AutoWebGLM: A Large Language Model-based Web Navigating Agent (2404.03648v2)

Published 4 Apr 2024 in cs.CL

Abstract: LLMs have fueled many intelligent web agents, but most existing ones perform far from satisfying in real-world web navigation tasks due to three factors: (1) the complexity of HTML text data (2) versatility of actions on webpages, and (3) task difficulty due to the open-domain nature of the web. In light of these challenges, we develop the open AutoWebGLM based on ChatGLM3-6B. AutoWebGLM can serve as a powerful automated web navigation agent that outperform GPT-4. Inspired by human browsing patterns, we first design an HTML simplification algorithm to represent webpages with vital information preserved succinctly. We then employ a hybrid human-AI method to build web browsing data for curriculum training. Finally, we bootstrap the model by reinforcement learning and rejection sampling to further facilitate webpage comprehension, browser operations, and efficient task decomposition by itself. For comprehensive evaluation, we establish a bilingual benchmark -- AutoWebBench -- for real-world web navigation tasks. We evaluate AutoWebGLM across diverse web navigation benchmarks, demonstrating its potential to tackle challenging tasks in real environments. Related code, model, and data are released at \url{https://github.com/THUDM/AutoWebGLM}.

PDF HTML Abstract

AutoWebGLM: Innovations and Evaluations in AI-Powered Web Navigation Agents

Introduction to AutoWebGLM

The development of AutoWebGLM introduces a significant enhancement in web navigation agent capabilities, employing the ChatGLM3-6B model as its backbone. This agent surpasses previous benchmarks, including GPT-4, in automated web navigation by embracing a tailored approach to webpage understanding and interaction. The model's unique contributions lie in its sophisticated handling of the complexities associated with web navigation, including diverse action spaces, HTML simplification for efficient processing, and the generation of high-quality training trajectories.

Challenges Addressed

AutoWebGLM's design directly confronts the primary hurdles in web navigation automation:

Unified Action Space: It establishes a comprehensive action space that enables seamless interactions across a plethora of websites.
HTML Simplification: By implementing an algorithm that condenses HTML content while preserving essential information, AutoWebGLM ensures the model's operability under the constraint of token length.
High-quality Training Trajectories: Through a combination of model-assisted and manual annotation methods, AutoWebGLM generates a dataset conducive to training robust web navigating agents capable of accurate inference and error correction.

Methodological Insights

The foundation of AutoWebGLM lies in its methodological innovations:

HTML Representation: The system incorporates an HTML simplification algorithm inspired by human web browsing patterns, significantly reducing the complexity and verbosity of webpages for model comprehension.
Hybrid Human-AI Data Construction: This approach enables the rapid assembly of a rich dataset that the model uses for training, refining its understanding of web operations and decisions.
Curriculum Learning and Reinforcement Approaches: Sequential training strategies involving curriculum learning, reinforcement learning (RL), and rejection sampling finetuning (RFT) are employed to progressively enhance the model's performance across various stages of web interaction.

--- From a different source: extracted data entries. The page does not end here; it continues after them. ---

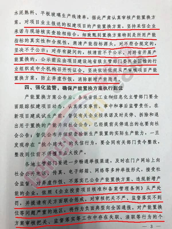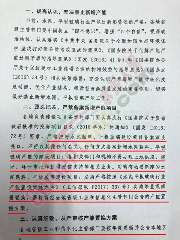 各地省級工業(yè)和信息化主管部門要按年度更新并公告本地區(qū)水泥熟料、平板玻璃生產(chǎn)線清單,據(jù)此嚴(yán)肅認(rèn)真審核產(chǎn)能置換方案。對項(xiàng)目業(yè)主報(bào)送的擬建項(xiàng)目的產(chǎn)能置換方案,堅(jiān)持采信企業(yè)承諾與現(xiàn)場核實(shí)查驗(yàn)相結(jié)合,細(xì)致甄別置換方案特別是所用產(chǎn)能指標(biāo)的真實(shí)性和合規(guī)性,溯清產(chǎn)能指標(biāo)源頭。對不符合規(guī)定的,堅(jiān)決不予公示;對存有疑問的,核清前不予公示。對跨省開展產(chǎn)能置換的,公示前應(yīng)由項(xiàng)目建設(shè)地省級主管部門委托全國性的行業(yè)組織或中介機(jī)構(gòu)召開聽證會。堅(jiān)決依法依規(guī)從嚴(yán)審核項(xiàng)目產(chǎn)能置換方案,防止弄虛作假,消除新增產(chǎn)能隱患。
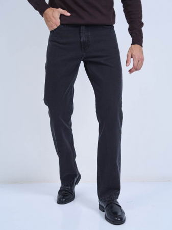 Мужские классические джинсы с пятью карманами. Посадка Regular fit (полуоблегающие по бедру), высокая талия, немного заужены к низу. Застежка на молнии. Выполнены из традиционной хлопковой ткани denim, цвет ткани Black/Black (лицевая и изнаночная стороны ткани черные) .Классическая темная стирка с потёртостями только по швам.
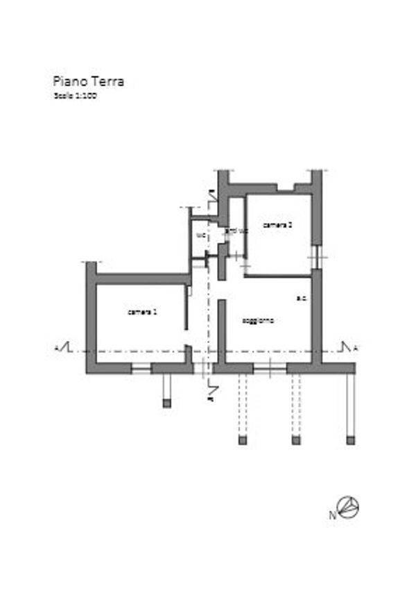 Appartamento semindipendente, con soggiorno ed angolo cottura, una camera da letto, una camera con camino ed un bagno. Completa la proprietà un bel porticato all'esterno.

Dataset and Benchmark Development

A notable contribution of AutoWebGLM's development is the construction of AutoWebBench, a bilingual (English and Chinese) benchmark that addresses the need for comprehensive evaluation tools in web navigation research. This benchmark is designed to assess an agent's performance in navigating and interacting with real-world webpages, offering insights into the practical applicability of AI-powered web agents.

Empirical Evaluations and Findings

Extensive testing of AutoWebGLM across multiple benchmarks, including the newly developed AutoWebBench, reveals its superior performance compared to existing LLM-based web navigating agents. The model demonstrates not only significant improvements in various web navigation tasks but also highlights areas for further research and development.

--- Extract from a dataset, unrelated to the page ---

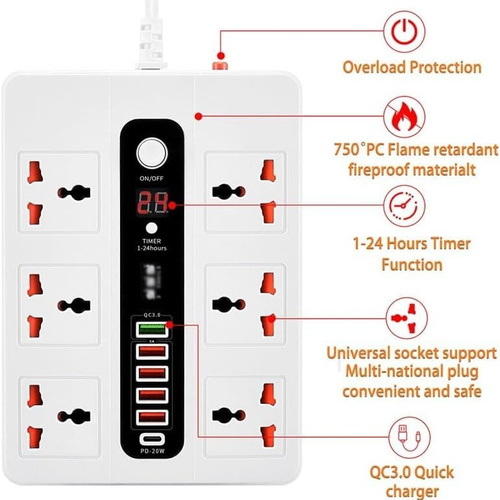 محافظ و چندراهی پاور سوکت 6 پورت تایمردار مدل BKL-11

Performance Metrics: AutoWebGLM achieves high success rates across diverse web navigation benchmarks, showcasing its robustness and versatility.
Challenges in Real-World Navigation: Despite its achievements, AutoWebGLM's performance also underlines the complexity of real-world web navigation and the need for ongoing enhancements in model training and environmental understanding.

Concluding Remarks

The introduction of AutoWebGLM marks a pivotal advancement in the field of AI-powered web navigation. By addressing fundamental challenges and integrating innovative training methodologies, AutoWebGLM sets a new standard for the development of intelligent web navigating agents. The AutoWebBench benchmark further enriches research resources, paving the way for future innovations in AI-driven web interactions. As web navigation continues to evolve, AutoWebGLM represents a significant step forward in harnessing the potential of LLMs to navigate the vast expanse of the internet effectively.